One of those things is cadence. Cadence is periodic rhythm; like the cranking of your legs as they pedal with the music.
The other is ritual, which are the purposeful moments that dot your workout experience. The warm-up stretch, the reliable encouragement from your instructor, the cool down at the end.
But what does indoor cycling have to do with management technique?
Slice open a typical manager’s brain and you’ll find a lot of thinking about employee resources and time.
But managers who consider concepts like cadence and ritual are tapping into a way to harness their team’s energy. It might be the most important thing they can do, and there’s plenty of science that agrees.
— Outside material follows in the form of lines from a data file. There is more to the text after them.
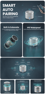 The lightweight and mini design makes this Bluetooth speaker easy to carry in bags, backpacks, or even your hand—perfect for travel and daily use.
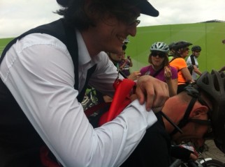 Egged on by Chris and the crowd, there was no way back for the poor guy. With Chris crouching very low over the handlebars, he somehow managed to complete his journey.
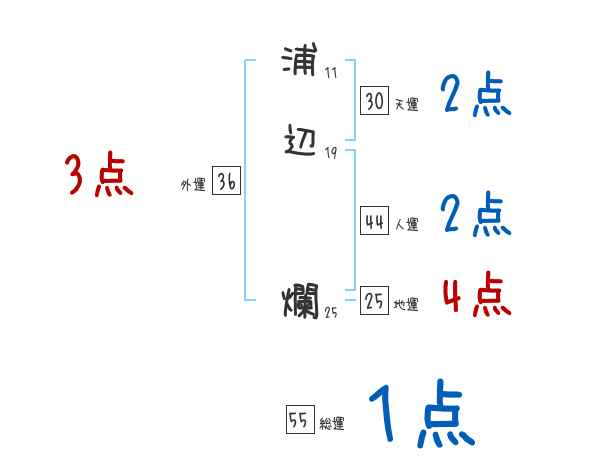 外運![]() | 浦辺爛さんの外運は36画の3つ星!先見性が豊かです。多少神経質で苦労することも。 生活面を象徴する運勢です。外部から受ける影響力を表し、結婚運、家庭運や職場、環境への順応性を表します。 |
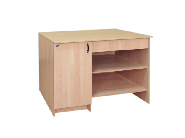 Стол демонстрационный корпусной выполнен из ламинированной ДСП 16 мм, столешница облицована стойким к химическим воздействиям пластиком, торцы обрамлены кантом ПВХ 2мм. Стол демонстрационный имеет 2 открытые полки, а также нишу, закрытую дверкой. Комплектуется двумя электрическими розетками 36…42V. Вертикальные стенки стола имеют полимерные подпятники, предотвращающие повреждение поверхности напольных покрытий.
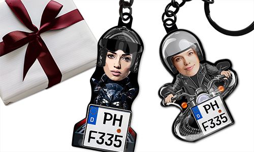 Diesen Schlüsselanhänger für Motorrad bekommst du mit deinem Foto und Kennzeichen im coolen Design. Wähle nach deinen Vorlieben!

Kick the drum, punch the clock
Think of cadence like a perpetual pulse. It’s the bass drum in the background, keeping the beat.
And while it can be steady, and generally predictable, when the beat changes the rest of the band tends to go with it.
Which is why cadence at your workplace is so important. From the individual routines of your staff (get out of bed, brush teeth, commute to work, grab a coffee, etc.) to longer wavelengths like your company’s fiscal year, cadence manifests itself everywhere. (At Asana we use episodes to define our cadence.)
Establishing a cadence to your team’s work can generate structure and predictability. Cadence gives a team a feeling of demarcation, progression, resolution or flow. A pattern which allows the team to know what they are doing and when it will be done.